_Task description_.
For this listing, the lines between the one holding "Después de este" and the one holding "好感度を数値化する眼鏡の漫画 #漫画が読めるハッシュタグ #4コマ漫画", inclusive, must be set down exactly.

_Exercise data_.
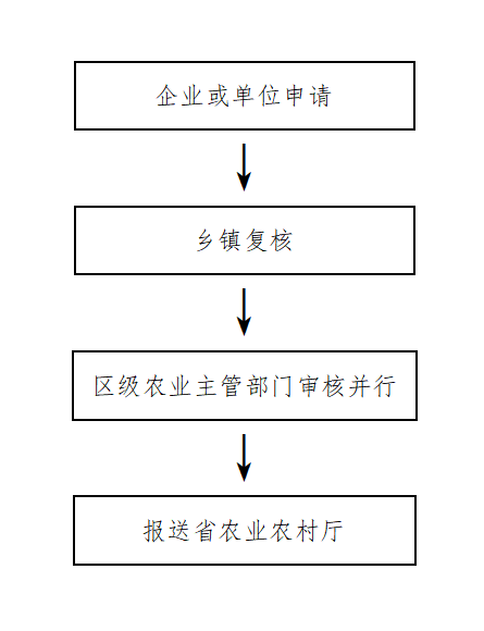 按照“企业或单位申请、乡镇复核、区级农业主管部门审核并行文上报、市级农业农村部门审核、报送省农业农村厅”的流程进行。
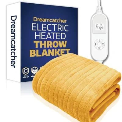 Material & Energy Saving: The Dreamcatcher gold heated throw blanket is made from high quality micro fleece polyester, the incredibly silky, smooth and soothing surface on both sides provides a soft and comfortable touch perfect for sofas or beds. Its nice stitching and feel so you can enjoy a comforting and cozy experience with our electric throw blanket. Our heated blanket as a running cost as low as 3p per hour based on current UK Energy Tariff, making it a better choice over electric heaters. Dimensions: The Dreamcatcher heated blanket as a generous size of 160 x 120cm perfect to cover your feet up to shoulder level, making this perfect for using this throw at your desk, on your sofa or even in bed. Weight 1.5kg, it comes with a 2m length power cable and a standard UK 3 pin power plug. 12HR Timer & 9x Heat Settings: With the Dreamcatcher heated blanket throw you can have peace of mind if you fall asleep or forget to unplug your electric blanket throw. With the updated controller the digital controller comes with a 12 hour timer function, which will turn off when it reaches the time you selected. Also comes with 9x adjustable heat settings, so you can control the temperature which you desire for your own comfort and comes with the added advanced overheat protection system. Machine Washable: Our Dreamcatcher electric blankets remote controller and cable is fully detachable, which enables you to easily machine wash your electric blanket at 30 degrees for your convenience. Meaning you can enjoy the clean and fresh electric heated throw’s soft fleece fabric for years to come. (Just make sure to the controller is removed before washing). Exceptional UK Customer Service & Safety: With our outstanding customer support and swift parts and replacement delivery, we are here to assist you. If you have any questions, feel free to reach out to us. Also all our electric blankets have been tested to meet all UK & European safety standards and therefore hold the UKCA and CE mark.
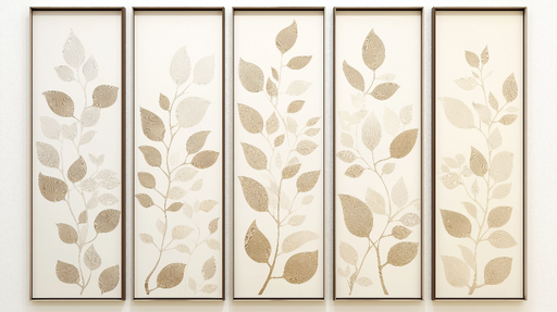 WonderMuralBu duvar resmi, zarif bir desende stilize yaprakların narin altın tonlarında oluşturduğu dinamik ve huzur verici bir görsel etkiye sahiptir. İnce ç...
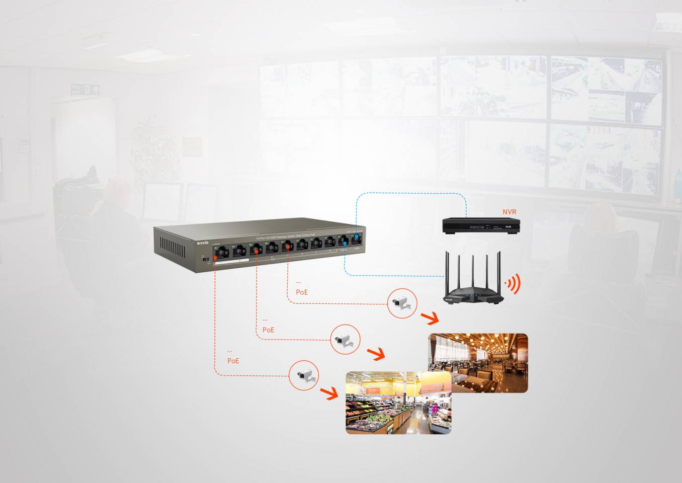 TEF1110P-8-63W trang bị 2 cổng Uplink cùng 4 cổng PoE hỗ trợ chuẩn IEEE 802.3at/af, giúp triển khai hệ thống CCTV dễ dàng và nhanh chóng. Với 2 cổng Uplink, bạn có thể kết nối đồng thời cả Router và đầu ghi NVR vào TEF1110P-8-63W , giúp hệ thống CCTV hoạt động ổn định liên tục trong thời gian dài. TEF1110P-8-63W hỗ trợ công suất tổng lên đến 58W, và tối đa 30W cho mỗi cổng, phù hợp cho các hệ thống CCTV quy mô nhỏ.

---

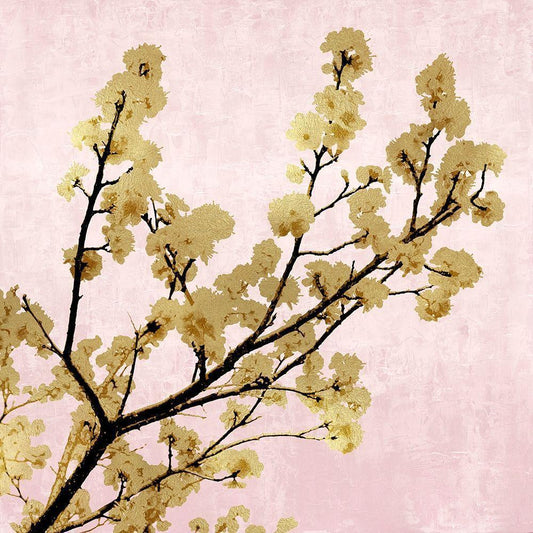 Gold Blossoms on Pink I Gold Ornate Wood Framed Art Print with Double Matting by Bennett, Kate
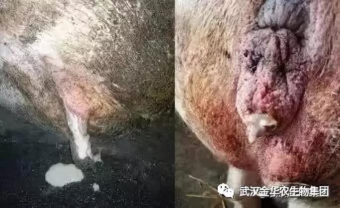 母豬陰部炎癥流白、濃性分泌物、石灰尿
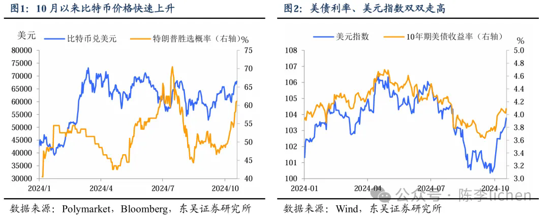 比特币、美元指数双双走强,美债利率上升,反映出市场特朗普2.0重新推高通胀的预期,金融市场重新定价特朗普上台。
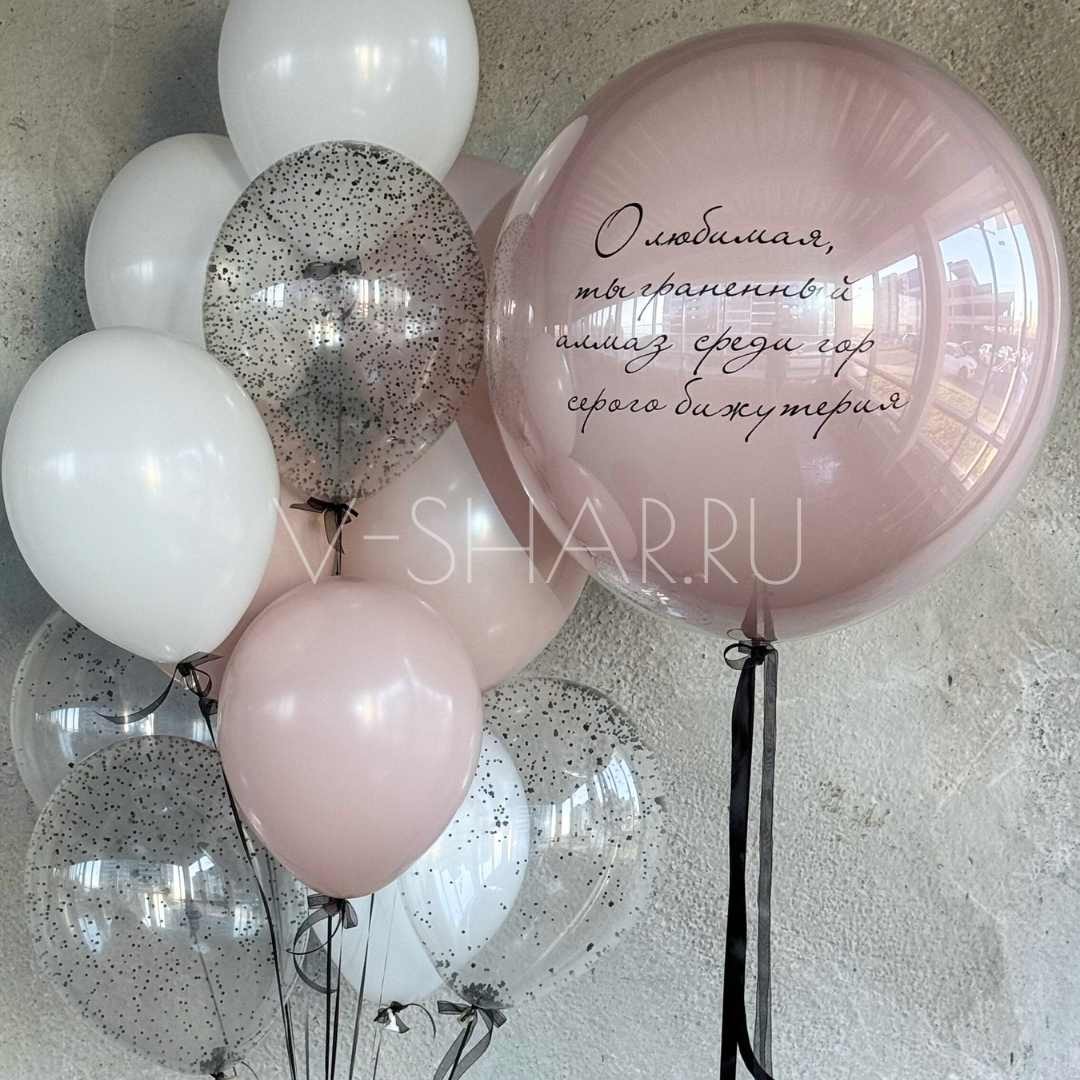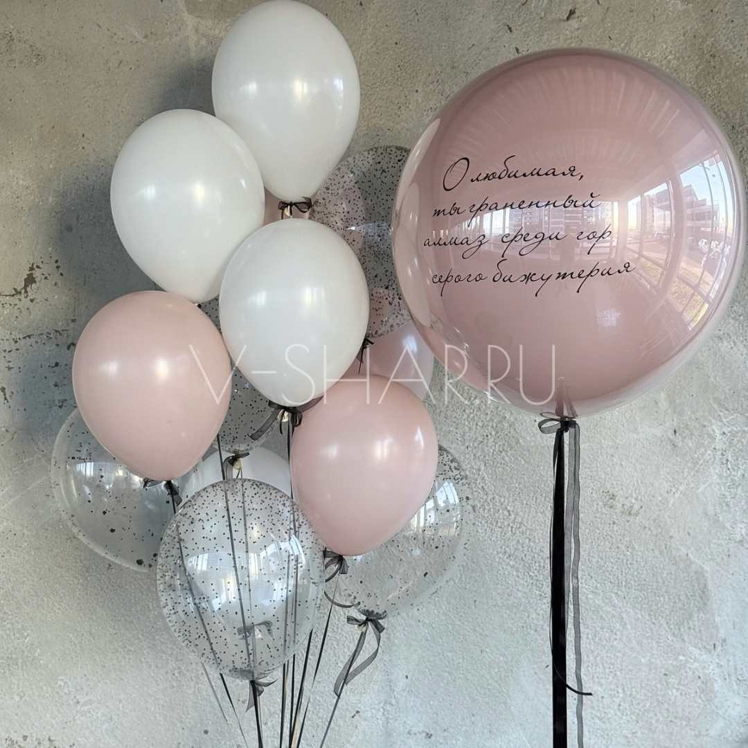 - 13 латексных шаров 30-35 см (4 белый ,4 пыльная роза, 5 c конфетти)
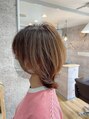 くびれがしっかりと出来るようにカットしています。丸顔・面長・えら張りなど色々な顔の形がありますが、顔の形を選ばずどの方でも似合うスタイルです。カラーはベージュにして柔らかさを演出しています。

--

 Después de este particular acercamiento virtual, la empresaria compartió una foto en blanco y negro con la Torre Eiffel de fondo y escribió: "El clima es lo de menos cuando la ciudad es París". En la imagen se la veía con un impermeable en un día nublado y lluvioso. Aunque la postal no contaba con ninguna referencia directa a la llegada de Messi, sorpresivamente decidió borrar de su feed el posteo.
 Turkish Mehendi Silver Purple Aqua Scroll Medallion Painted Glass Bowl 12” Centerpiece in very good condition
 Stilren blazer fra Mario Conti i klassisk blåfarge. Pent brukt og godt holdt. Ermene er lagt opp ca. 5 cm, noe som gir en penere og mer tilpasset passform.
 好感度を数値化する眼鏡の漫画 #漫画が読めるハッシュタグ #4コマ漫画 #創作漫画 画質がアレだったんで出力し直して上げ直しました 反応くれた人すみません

_Task result_.
 Después de este particular acercamiento virtual, la empresaria compartió una foto en blanco y negro con la Torre Eiffel de fondo y escribió: "El clima es lo de menos cuando la ciudad es París". En la imagen se la veía con un impermeable en un día nublado y lluvioso. Aunque la postal no contaba con ninguna referencia directa a la llegada de Messi, sorpresivamente decidió borrar de su feed el posteo.
 Turkish Mehendi Silver Purple Aqua Scroll Medallion Painted Glass Bowl 12” Centerpiece in very good condition
 Stilren blazer fra Mario Conti i klassisk blåfarge. Pent brukt og godt holdt. Ermene er lagt opp ca. 5 cm, noe som gir en penere og mer tilpasset passform.
 好感度を数値化する眼鏡の漫画 #漫画が読めるハッシュタグ #4コマ漫画 #創作漫画 画質がアレだったんで出力し直して上げ直しました 反応くれた人すみません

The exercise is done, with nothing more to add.